In this Lesson, we will examine a more informative format for reporting sampling variation: the confidence interval. We will also consider an important general concept for interpreting confidence intervals: precision of measurement. We will contrast precision with accuracy to help you avoid the common error of mistaking precision with accuracy.

Taking into consideration that precision is a general issue in any kind of quantitative reporting, not just statistical modeling, it might have been better if “precision interval” had been used instead of “confidence interval.” The word “confidence” in “confidence interval” has nothing to do with self-assuredness, boldness, or confidentiality. (When “confidence interval” was introduced in the 1930s, the word was chosen to avoid a once-bitter technical dispute in the philosophy of probability.)

Summary: The confidence interval is a measure of precision: the reproducibility from sample to sample. It tells us nothing about accuracy. Without understanding the difference between “precision” and “accuracy,” it is difficult to interpret confidence intervals appropriately.

Formats for confidence intervals

We have been looking at confidence intervals since Lesson 11, were we introduced the conf_interval() function for displaying model coefficients. To illustrate, consider the running time (in seconds, s) for Scottish hill races as a function of the race distance (in km) and overall height climbed (in meters, m):

Hill_racing |> 
  model_train(time ~ distance + climb) |> 
  conf_interval()
term .lwr .coef .upr
(Intercept) -533.00 -470.00 -407.00
distance 246.00 254.00 261.00
climb 2.49 2.61 2.73

As always, there is a model coefficient for each term mentioned in the model specification, time ~ distance + climb. Here, those terms give an intercept, a coefficient on distance, and a coefficient on climb. Each coefficient comes with two other numbers, called .lwr and .upr in the report, standing for “lower” and “upper.” The confidence interval runs from the lower number to the upper number.
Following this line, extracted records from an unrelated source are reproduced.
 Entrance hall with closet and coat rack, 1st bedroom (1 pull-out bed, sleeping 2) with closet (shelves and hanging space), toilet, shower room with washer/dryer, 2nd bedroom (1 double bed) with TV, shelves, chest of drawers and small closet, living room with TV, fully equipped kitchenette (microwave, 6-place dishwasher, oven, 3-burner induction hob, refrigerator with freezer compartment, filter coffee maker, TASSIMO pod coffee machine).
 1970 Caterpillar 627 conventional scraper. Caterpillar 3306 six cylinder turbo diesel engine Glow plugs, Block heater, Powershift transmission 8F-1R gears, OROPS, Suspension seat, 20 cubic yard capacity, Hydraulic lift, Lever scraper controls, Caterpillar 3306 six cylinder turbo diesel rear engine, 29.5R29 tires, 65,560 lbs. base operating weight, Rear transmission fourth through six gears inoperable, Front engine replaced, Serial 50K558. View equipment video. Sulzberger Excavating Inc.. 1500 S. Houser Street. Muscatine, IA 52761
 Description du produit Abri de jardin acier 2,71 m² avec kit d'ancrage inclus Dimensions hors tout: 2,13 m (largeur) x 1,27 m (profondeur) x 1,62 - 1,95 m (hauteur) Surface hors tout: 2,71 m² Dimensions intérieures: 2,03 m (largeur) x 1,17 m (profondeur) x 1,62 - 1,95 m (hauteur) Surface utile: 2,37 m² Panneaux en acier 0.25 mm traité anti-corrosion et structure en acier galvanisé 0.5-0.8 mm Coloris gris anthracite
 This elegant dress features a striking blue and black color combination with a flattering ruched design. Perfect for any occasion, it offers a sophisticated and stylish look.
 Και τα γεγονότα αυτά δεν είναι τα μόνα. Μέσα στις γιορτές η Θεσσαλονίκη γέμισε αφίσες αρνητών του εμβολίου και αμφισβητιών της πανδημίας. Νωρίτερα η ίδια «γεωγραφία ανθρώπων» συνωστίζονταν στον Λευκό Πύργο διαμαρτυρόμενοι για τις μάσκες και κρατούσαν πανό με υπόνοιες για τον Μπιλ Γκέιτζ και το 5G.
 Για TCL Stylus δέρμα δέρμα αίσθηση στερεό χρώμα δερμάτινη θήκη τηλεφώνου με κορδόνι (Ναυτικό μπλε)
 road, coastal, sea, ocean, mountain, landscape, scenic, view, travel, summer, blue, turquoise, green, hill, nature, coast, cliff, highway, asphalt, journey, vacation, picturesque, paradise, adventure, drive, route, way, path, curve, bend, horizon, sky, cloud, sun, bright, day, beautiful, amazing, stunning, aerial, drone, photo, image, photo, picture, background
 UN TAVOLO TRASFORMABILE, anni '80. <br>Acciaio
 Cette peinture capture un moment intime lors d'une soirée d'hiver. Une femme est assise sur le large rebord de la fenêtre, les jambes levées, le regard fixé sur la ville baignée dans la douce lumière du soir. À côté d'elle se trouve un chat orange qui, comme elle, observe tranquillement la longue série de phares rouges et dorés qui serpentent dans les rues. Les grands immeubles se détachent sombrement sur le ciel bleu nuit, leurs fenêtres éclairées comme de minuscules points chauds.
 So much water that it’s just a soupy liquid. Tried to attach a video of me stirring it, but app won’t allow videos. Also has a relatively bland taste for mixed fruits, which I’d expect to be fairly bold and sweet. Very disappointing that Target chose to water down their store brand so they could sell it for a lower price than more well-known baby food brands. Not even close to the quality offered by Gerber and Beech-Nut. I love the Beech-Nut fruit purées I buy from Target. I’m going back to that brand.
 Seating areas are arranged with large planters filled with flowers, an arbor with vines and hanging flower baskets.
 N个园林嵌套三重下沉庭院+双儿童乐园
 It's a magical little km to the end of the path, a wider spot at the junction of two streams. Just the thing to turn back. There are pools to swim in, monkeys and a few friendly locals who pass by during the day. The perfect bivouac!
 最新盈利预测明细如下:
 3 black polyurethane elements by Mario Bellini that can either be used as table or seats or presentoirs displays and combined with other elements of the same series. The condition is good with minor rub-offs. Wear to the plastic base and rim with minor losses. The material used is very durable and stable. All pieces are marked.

Focus for the moment on the distance coefficient: 253.8 s/km. The confidence interval runs from 246 to 261 s/km. In previous Lessons about model values—the output of the model function when given values for the explanatory variables—we have emphasized the coefficient itself..

Statistical thinkers, knowing that there is sampling variation in any coefficient calculated from a data sample, like to use the word “estimate” to refer to the calculated value. Admittedly, the computer carries out the calculation of the coefficient without mistake and reports it with many digits. But those digits do not incorporate the uncertainty due to sampling variation. That’s the role of the confidence interval.

The meaning of a confidence interval such as the 246-to-261 s/km interval shown above is, “Any other estimate of the coefficient (made with other data) is consistent with ours so long as it falls within the confidence interval.”

An alternative, but entirely equivalent format for the confidence interval uses \(\pm\) (plus-or-minus) notation. The interval [246-261] s/km in \(\pm\) format can be written 254 \(\pm\) 8 s/km.

Significant digits?

Another convention for reporting uncertainty—legendarily emphasized by chemistry teachers—involves the number of digits with which to write a number: the “significant digits.” For instance, the distance coefficient reported by the computer is 253.808295 s/km. Were you to put this number in a lab report, you are at risk for a red annotation from your teacher: “Too many digits!”

According to the significant-digits convention, a proper way to write the distance coefficient would be 250 s/km, although some teachers might prefer 254 s/km.

The situation is difficult because the significant-digit convention is attempting to serve three different goals at once. The first goal is to signal the precision of the number. The second goal is to avoid overwhelming human readers with irrelevant digits. The third goal is to allow human readers to redo calculations. These three goals sometimes compete. An example is the [246,261] s/km confidence interval on the distance coefficient reported earlier. For this coefficient, the width of the confidence interval is about 15 s/km. This suggests that there is no value to the human reader in reporting any digits after the decimal point. But a literal translation of [246-261] into \(\pm\) format would be 253.5 \(\pm\) 7.5. Now there is a digit being reported after the decimal point, a digit we previously said isn’t worth reporting!

As a general-purpose procedure, I suggest the following principles for model coefficients:

  1. Always report an interval in either the [lower, upper] format or the center \(\pm\) spread format. It doesn’t much matter which one.
  2. As a guide to the number of digits to print, look to the interval width, calculated as upper \(-\) lower or as 2 \(\times\) spread. Print the number using the interval width as a guide: only the first two digits (neglecting leading zeros) are worth anything.
  3. When interpreting intervals, don’t put much stock in the last digit. For example, is 245 km/s inside the interval [246, 261] km/s. Not mathematically. But remembering that the last digit in 246 is not to be taken as absolute, 245 is for all practical purposes inside the interval.

As I write (2024-01-11), a news notice appeared on my computer screen from the New York Times.

The “Inflation Ticks Higher” in the headline is referring to a change from 3.3% reported in November to 3.4% reported in December. Such reports ought to come with a precision interval. To judge from the small wiggles in the 20-year data, this would be about \(\pm 0.2\)%. A numerical change from 3.3% to 3.4% is, taking the precision into account, no change at all!

Precision versus accuracy

In everyday language the words “precision” and “accuracy” are interchangeable; both describe how well a measurement has been made. Nevertheless there are two distinct concepts in “how well.” The easier concept has to do with reproducibility and reliability: if the measurement is taken many times, how much will the measurements differ from one another? This is the same issue as sampling variation. In the technical lingo of measurement, reproducibility or sampling variation is called “precision. Precision is just about the measurements themselves.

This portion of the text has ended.